▶ **WHAT THIS TASK INVOLVES**:
Using the data below, set down every line from the one containing "Ebanel Liposomal 2.5%" through the one containing "De Stichting Bibliotheek", inclusive and unchanged. Pictures are to be skipped.

▶ **GIVEN INFORMATION**:
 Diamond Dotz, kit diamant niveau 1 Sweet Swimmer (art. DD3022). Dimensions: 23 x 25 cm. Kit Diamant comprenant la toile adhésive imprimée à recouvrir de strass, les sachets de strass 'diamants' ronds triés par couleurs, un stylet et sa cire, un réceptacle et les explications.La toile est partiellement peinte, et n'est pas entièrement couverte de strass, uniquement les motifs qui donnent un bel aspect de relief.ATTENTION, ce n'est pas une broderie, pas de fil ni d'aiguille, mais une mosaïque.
...
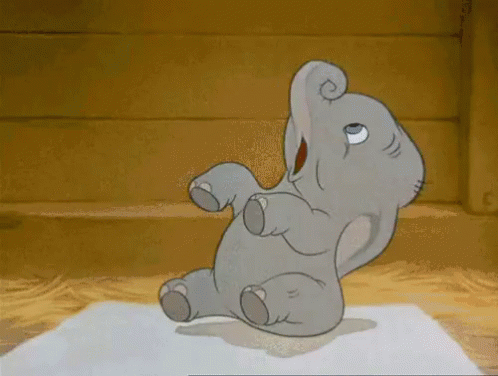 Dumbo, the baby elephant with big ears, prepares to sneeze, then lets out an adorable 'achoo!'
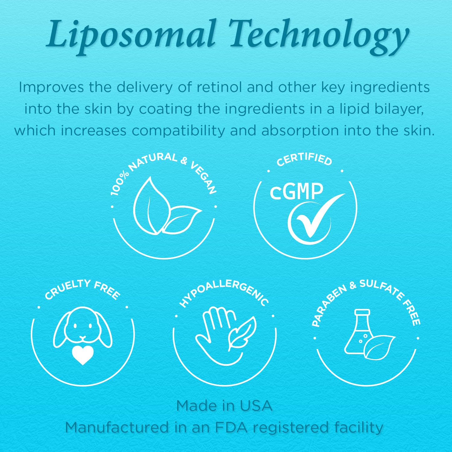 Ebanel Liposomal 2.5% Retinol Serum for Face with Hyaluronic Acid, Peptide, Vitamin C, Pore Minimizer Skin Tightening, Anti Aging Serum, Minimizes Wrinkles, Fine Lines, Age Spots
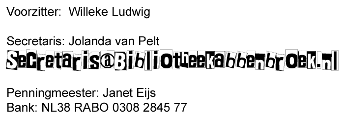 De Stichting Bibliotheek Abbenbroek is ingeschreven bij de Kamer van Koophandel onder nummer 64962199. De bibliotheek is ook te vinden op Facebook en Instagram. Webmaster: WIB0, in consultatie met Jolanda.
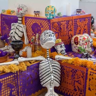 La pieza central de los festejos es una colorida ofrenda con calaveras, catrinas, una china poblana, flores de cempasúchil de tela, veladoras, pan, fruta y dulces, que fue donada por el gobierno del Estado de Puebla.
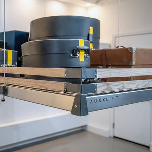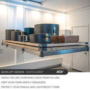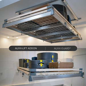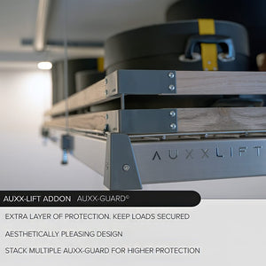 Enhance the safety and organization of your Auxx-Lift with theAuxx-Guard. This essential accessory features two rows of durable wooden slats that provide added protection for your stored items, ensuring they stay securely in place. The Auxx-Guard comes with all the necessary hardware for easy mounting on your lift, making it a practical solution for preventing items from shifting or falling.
* * *
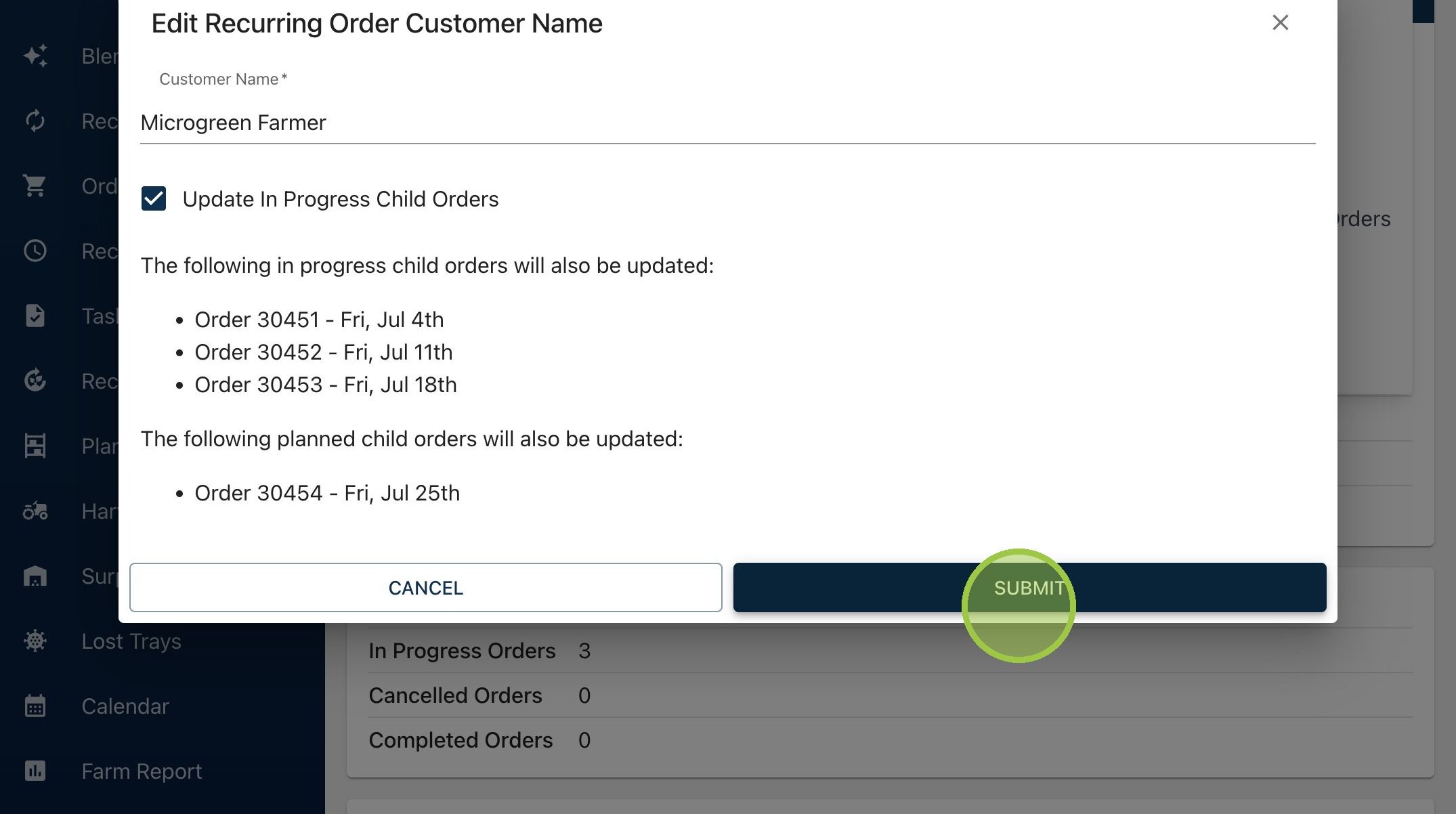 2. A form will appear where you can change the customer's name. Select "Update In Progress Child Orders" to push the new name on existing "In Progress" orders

▶ **EXERCISE OUTPUT**:
 Ebanel Liposomal 2.5% Retinol Serum for Face with Hyaluronic Acid, Peptide, Vitamin C, Pore Minimizer Skin Tightening, Anti Aging Serum, Minimizes Wrinkles, Fine Lines, Age Spots
 De Stichting Bibliotheek Abbenbroek is ingeschreven bij de Kamer van Koophandel onder nummer 64962199. De bibliotheek is ook te vinden op Facebook en Instagram. Webmaster: WIB0, in consultatie met Jolanda.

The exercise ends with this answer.